Dear Ovia is an ongoing series where we answer your love and relationship questions. To submit a question, send us a message on Instagram. We answer all questions anonymously.
Dear Ovia, I just got cleared for sex at my 6 week check up, but I’m just SO not in the mood…not sure what to tell my husband.
Congratulations on the birth of your baby! Fourth trimester is a whirlwind, and I’m so sorry the expectation of the big 6 week appointment has you in this position. There is really a shift happening to offer more healthcare support before and after this timeframe. Most people have questions about their recovery before 6 weeks, and ongoing needs for support afterwards.
Let’s be clear. It is 100% normal to feel like you are not recovered from birth at this point. It is 100% normal not to want to have sex. Your body is still undergoing hormonal and physical changes from birthing a human. If you are breastfeeding, this is even more pronounced. The majority of people experience low-sex drive and other symptoms (like vaginal dryness) because of milk-making hormones. Clearing people for sex at 6 weeks is — at best — a physical safety check. It’s outdated and almost never takes into account real healing and mental health (I hope your provider wouldn’t have “cleared” you if they’d known you felt this way).
I can’t make assumptions about your husband’s knowledge about the postpartum period experience, but I am going to assume he’s a loving partner (if not or if you’re intimidated, tell him your doctor said it’s a NO GO at this point for safety reasons). In a low-key setting with your baby around, I’d tell him in simple terms that you are healing well, but aren’t ready physically or hormonally for sex yet. Straight and to the point. You love him and are happy, but don’t feel like your body is capable of that yet in an enjoyable way.

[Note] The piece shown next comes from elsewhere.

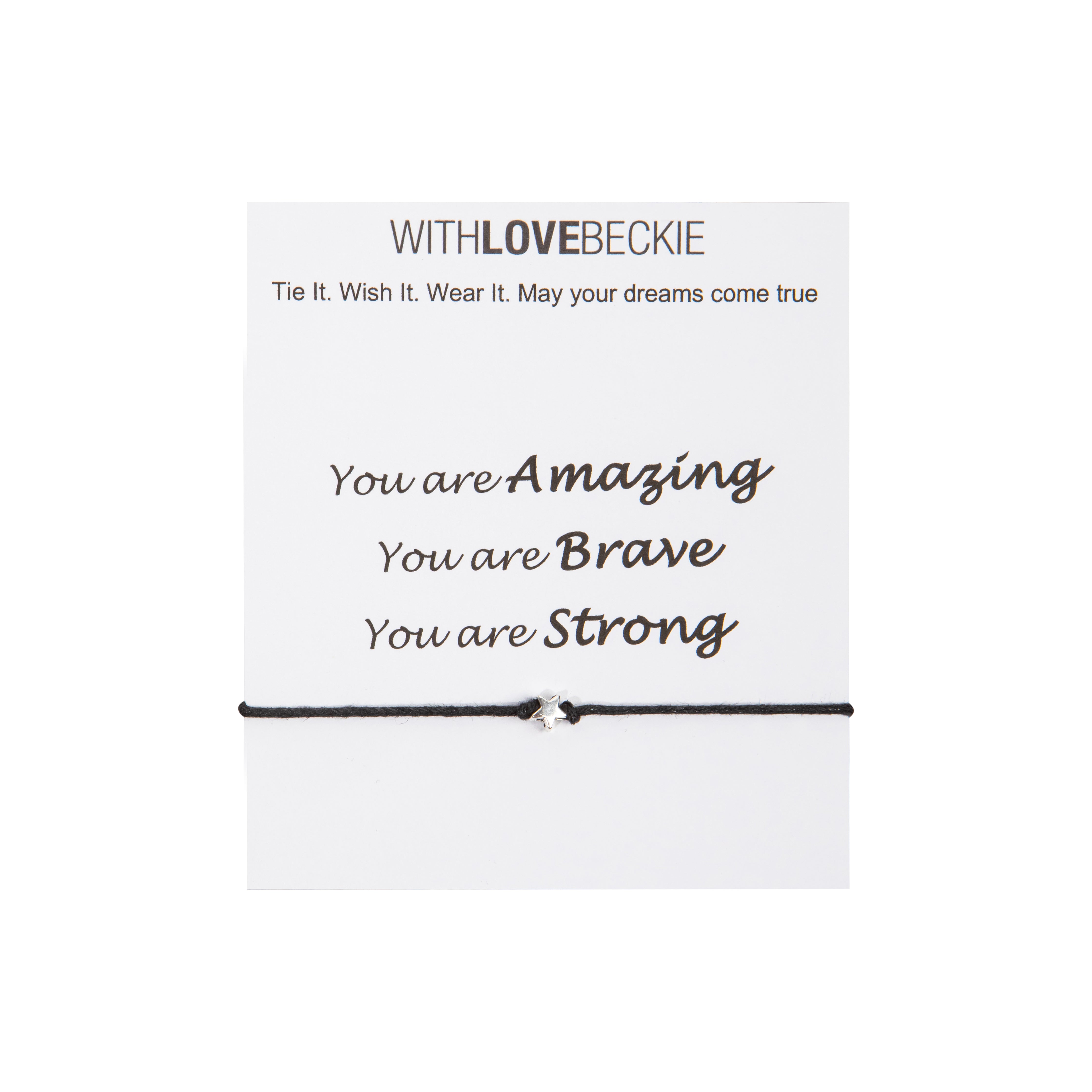 Wish String Bracelets come presented on their own inspirational and motivational quote card and packaged in clear cellophane packaging.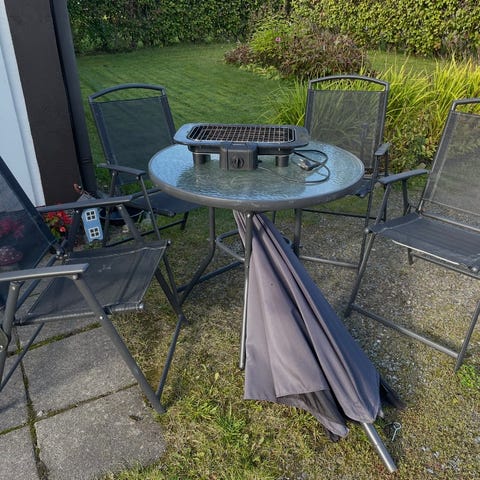 Musta rottinki pöytä 69x69cm kansi, korkeus 75cm ja tuolit. Pöydän kansi on vaaleanharmaa ja pöydän jalka musta. Koko setti hyvässä kunnossa ja vähällä käytöllä ollut.

If he responds to health information well, share the details about what happens to most people! Reassure him that many people aren’t having sex at 6 weeks, and even at 6 months. He might feel some feelings, and hopefully he will spare you any guilt. When you are ready to try, it’s helpful to explain that postpartum sex is different, and that you may need to pause or even stop mid-deed if things don’t feel okay to you. Be ready to talk about new positions, lube or intimacy that doesn’t involve penetrative sex. When you’re ready, this new stage can be an opportunity to explore new ways to be intimate together.